It has been some time since I have last spoken to you. I have missed you immensly, but never knew that I did. You see, I have spent the last several years thinking that I am invinsible when it comes to pain. I didn't need you. I'm much stronger than that...much stronger than I thought you would ever be.
And so last Saturday when my knee started hurting I once again thought I could endure the pain. I didn't need you...remember I am stronger than you. And so, I hobbled to the Halloween party on Saturday night...and sat on the couch all night and pretended like I was dressed up as a couch potato...and that night when I had to go home and climb the stairs...I took them one at a time...literally, one foot on the stair and then the other foot and then one foot, then the other foot...and so on....and Sunday I woke up feeling refreshed and renewed and invinsible (with no drugs taken!) Until that Sunday afternoon t-ball game where I tried to pretend like I was 7 and not 29 and that I could run the bases...in my birkenstocks...and the pain came back...stronger...more intense...i could hardly stand, much less walk. And by Monday morning, my legs were sticks. There was no movement between my hip flexors and my feet. Everything was stiff and every time my heel hit the ground i felt shooting pains from my ankles to my thighs, in both legs now. I was miserable. My 2 minute walk into work took me almost 15 minutes. Once I reached my desk, the thought of even having to walk to the bathroom made me cringe with pain. At lunch, I decided to go home and sit on the couch and hope and pray that the pain went away.

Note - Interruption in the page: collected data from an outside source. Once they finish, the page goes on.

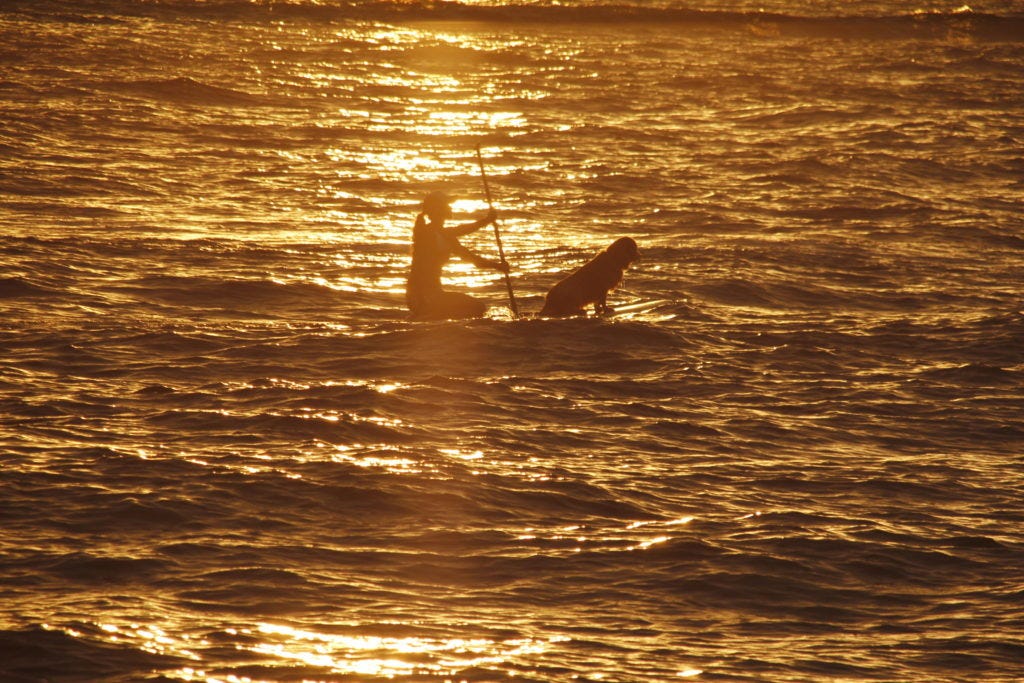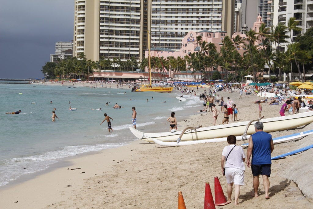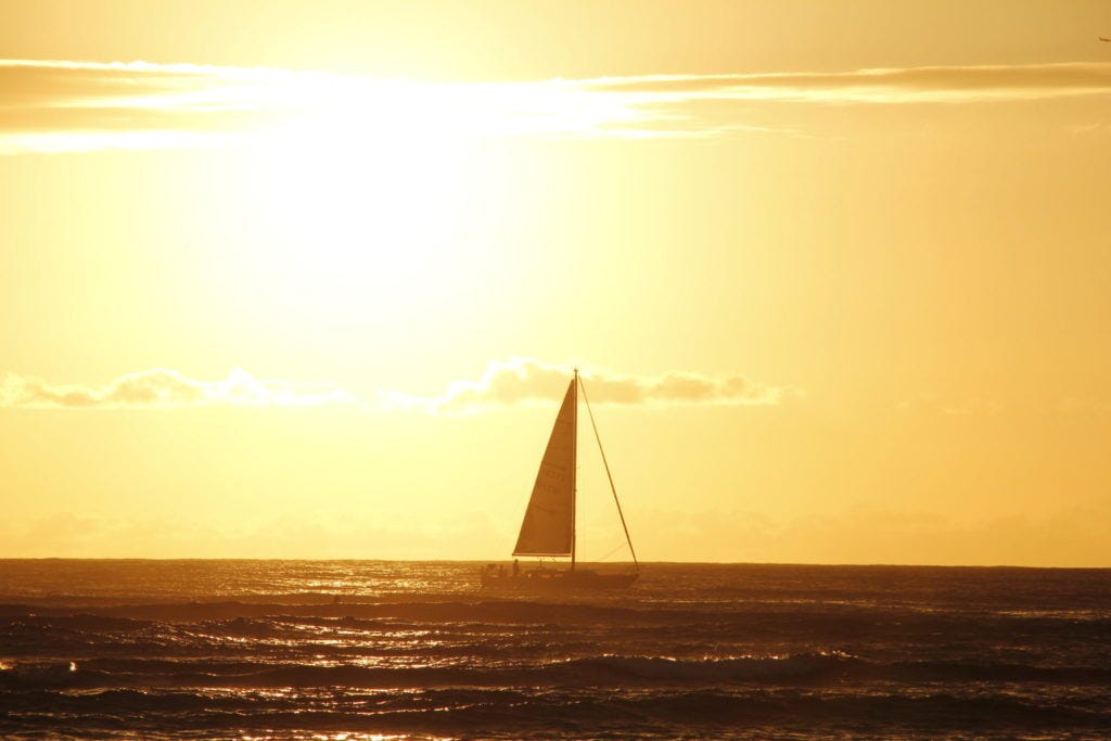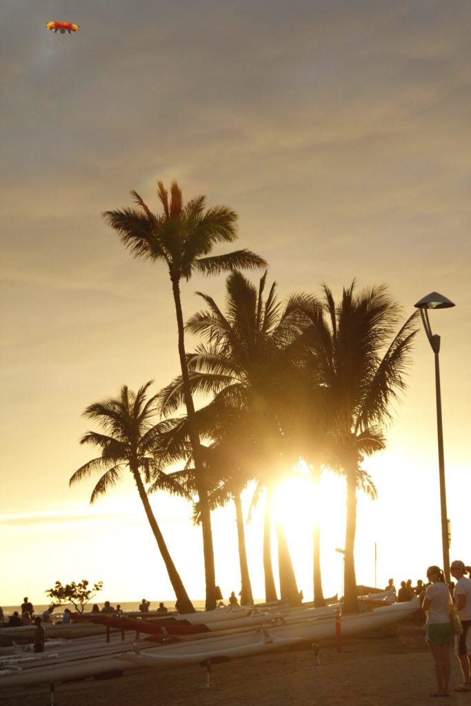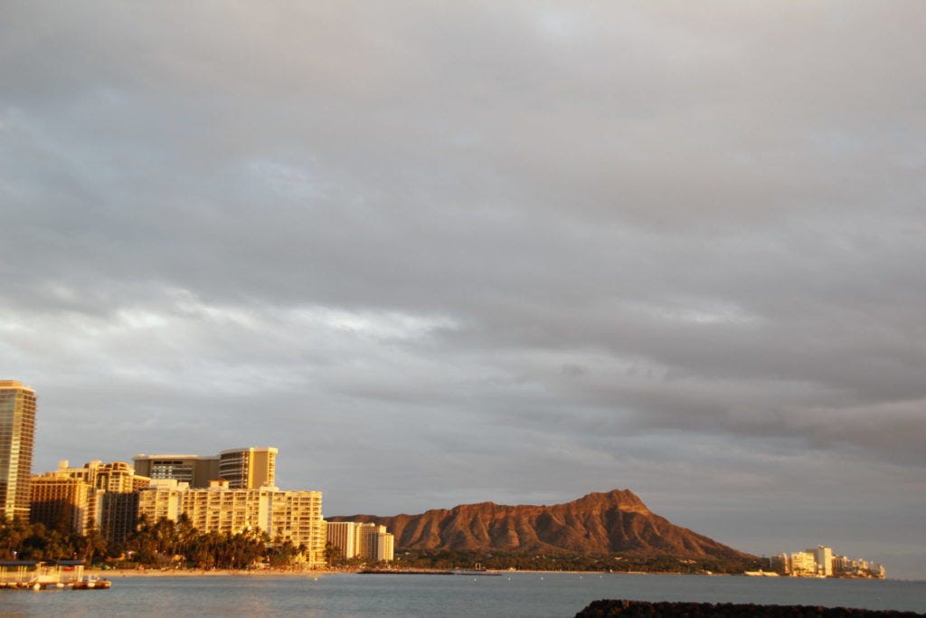 Angekommen ist Jochen auf Oʻahu. Die Hauptstadt von Oʻahu kennt vermutlich jede*r: Honululu. Übersetzt heißt das übrigens so viel wie: geschützte Bucht. Und ein Stadtteil von Honolulu weckt natürlich mindestens genauso zuverlässig Fernweh-erregende Hawaii-Asoziationen: Waikiki – und der Waikiki Beach. Genau dort saß Jochen am ersten Abend, ein buntes Shave Ice in der Hand, den Diamond-Head-Vulkan hinter der Skyline bewundernd, in den goldenen Sonnenuntergang aufs Wasser blickend, auf dem eine Frau mit Hund auf dem Surfboard „Gassi paddelt“. Man könnte sagen: ein gelungener Einstieg.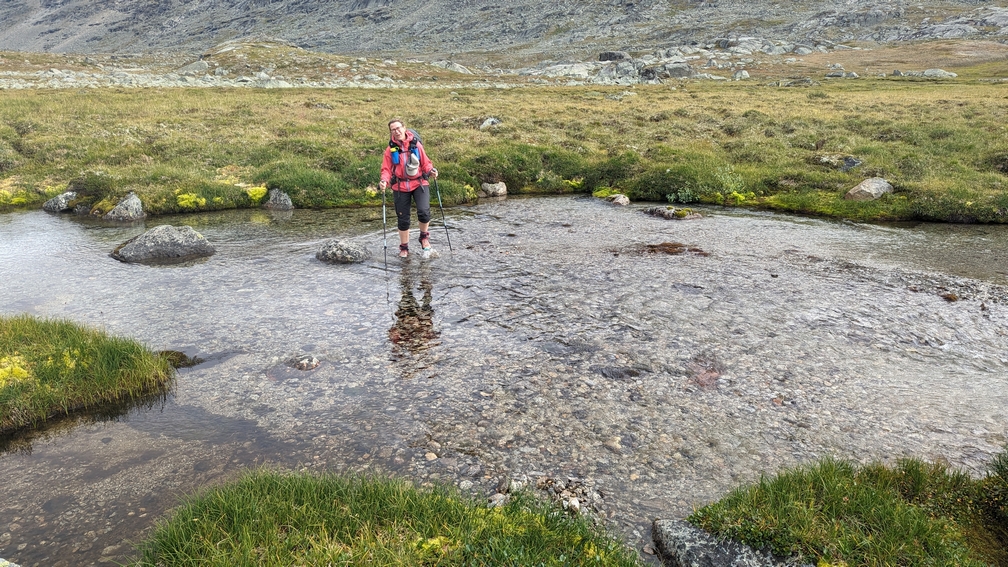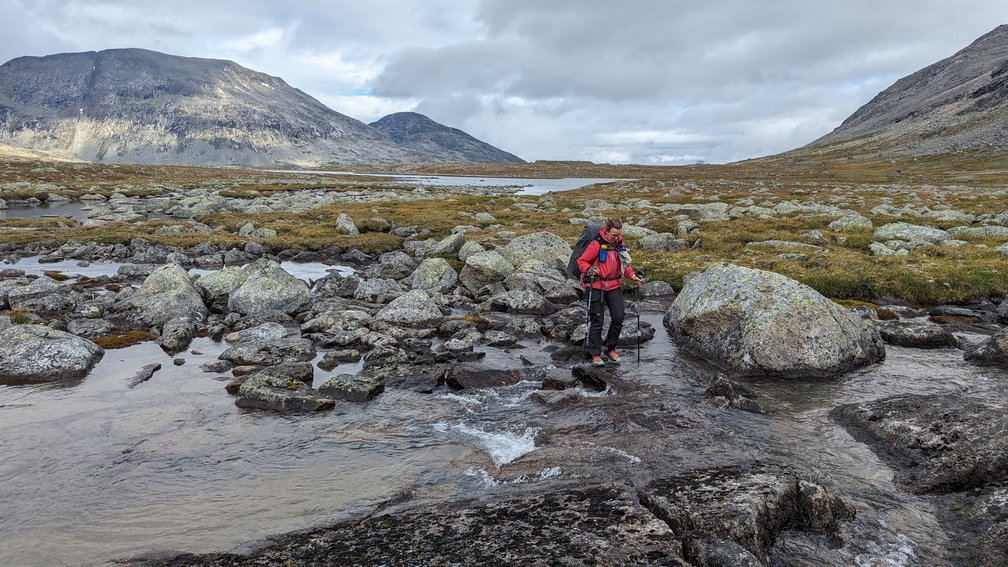Onderweg zien we veel moeras, vlaggetjesgras, boulderfields, stroompjes en mini meertjes, waar we soms met droge voeten overheen kunnen.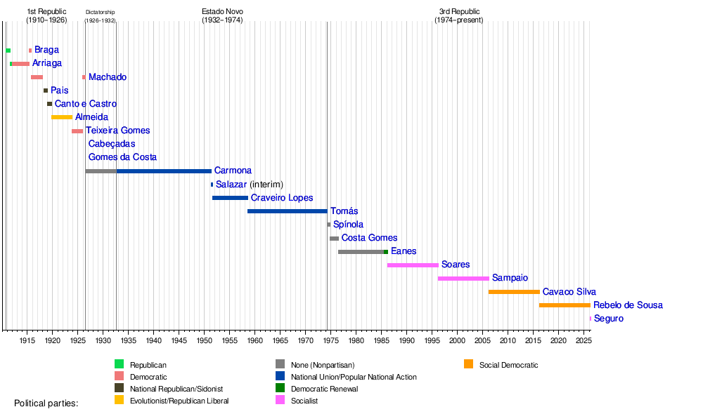 Long ago, the President's powers were very different. After a big change in 1974, Portugal became a democracy. Since then, the President's role has been focused on protecting the country's rules and freedoms.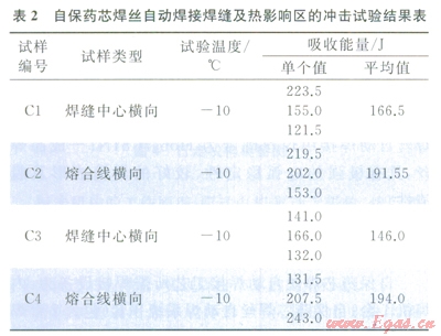 試驗證明,白保藥芯焊絲自動焊接過程平穩(wěn),焊縫成形好,焊接接頭的抗拉強度、側(cè)彎性能、硬度值、沖擊功等力學(xué)性能均滿足X80管線鋼的焊接標(biāo)準(zhǔn)要求。其焊縫及熱影響區(qū)的沖擊試驗結(jié)果見表2。同時,自保藥芯焊絲自動焊接可進(jìn)一步降低焊工的勞動強度,有效規(guī)避焊接施工中氣體供給帶來的不便,可降低管道焊接綜合成本。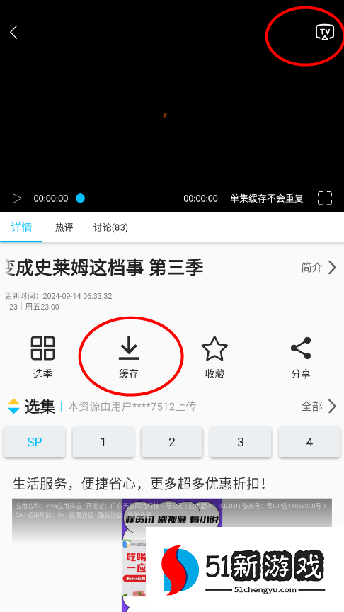 4、点击缓存,可以把视频资源离线到手机本地,这样没网您也可以直接看。
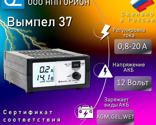 Зарядное устройство Orion Вимпел 37 идеально подходит для зарядки аккумуляторов сухих, wet-аккумуляторов и типов re. Оно имеет небольшой размер, что делает его удобным в использовании на выходных или в поездках.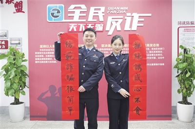 活动中,民警不仅和群众面对面交流反诈防骗注意事项,还向居民派发“反诈红包”,用写春联的形式向辖区居民送上节日祝福和反诈提醒。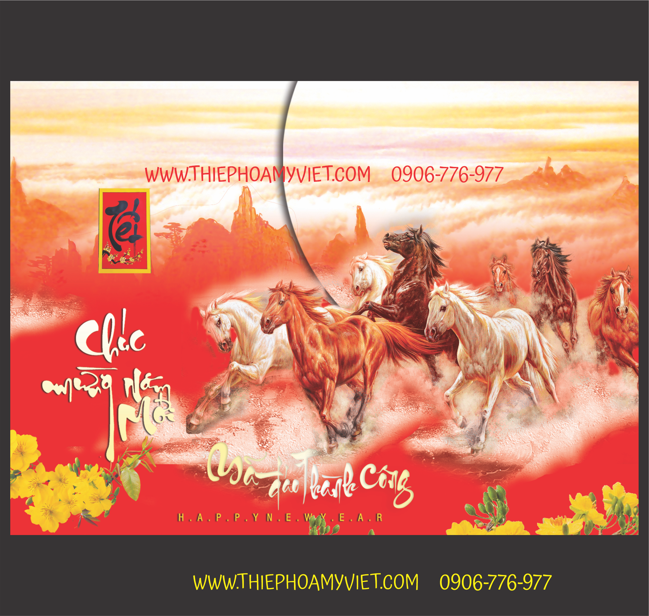 Thiệp chúc tết Bính Ngọ 2026 mẫu in lời chúc gửi thông điệp tới khách hàng. Nhận thiết kế thêm logo doanh nghiệp in mặt ngoài thiệp miễn phí

And that is when I decided to relinquish all of myself to you. Two 25mg Advils....the pain finally outweighed my defiance of drugs...I had succumb to the mercy of the anti-inflammatory. And within 30 minutes of popping those 2 little pills, I was in heaven...no pain...I sprinted back to my car...back to the office...up and down the halls. I was walking on air...on top of cloud 9. Pain? What stinkin' pain? I was invinsible!
I decided that with your help I could keep up with my schedule. I could run 4 miles....because I had no pain. And I did. I ran like the wind (okay, so it was more like a slow breeze but you know what I mean) and I felt like a champion. When I was through with my run, I took two more of those rust colored beauties and I am happy to report that this morning, I feel absolutely no pain. I can bend my knees and walk with no effort and feel like the champ that I am. And I owe it all to you...my friend...my bottle of Advil. Thank you for being there during my time of need and I hope that one day I can repay the favor. I don't know how or when, but I can promise you that you will be rewarded for you good deeds.
Thanks again for all you have done!
P.S. Please thank your friend, ice, as well. You two make a great team. Keep up the good work!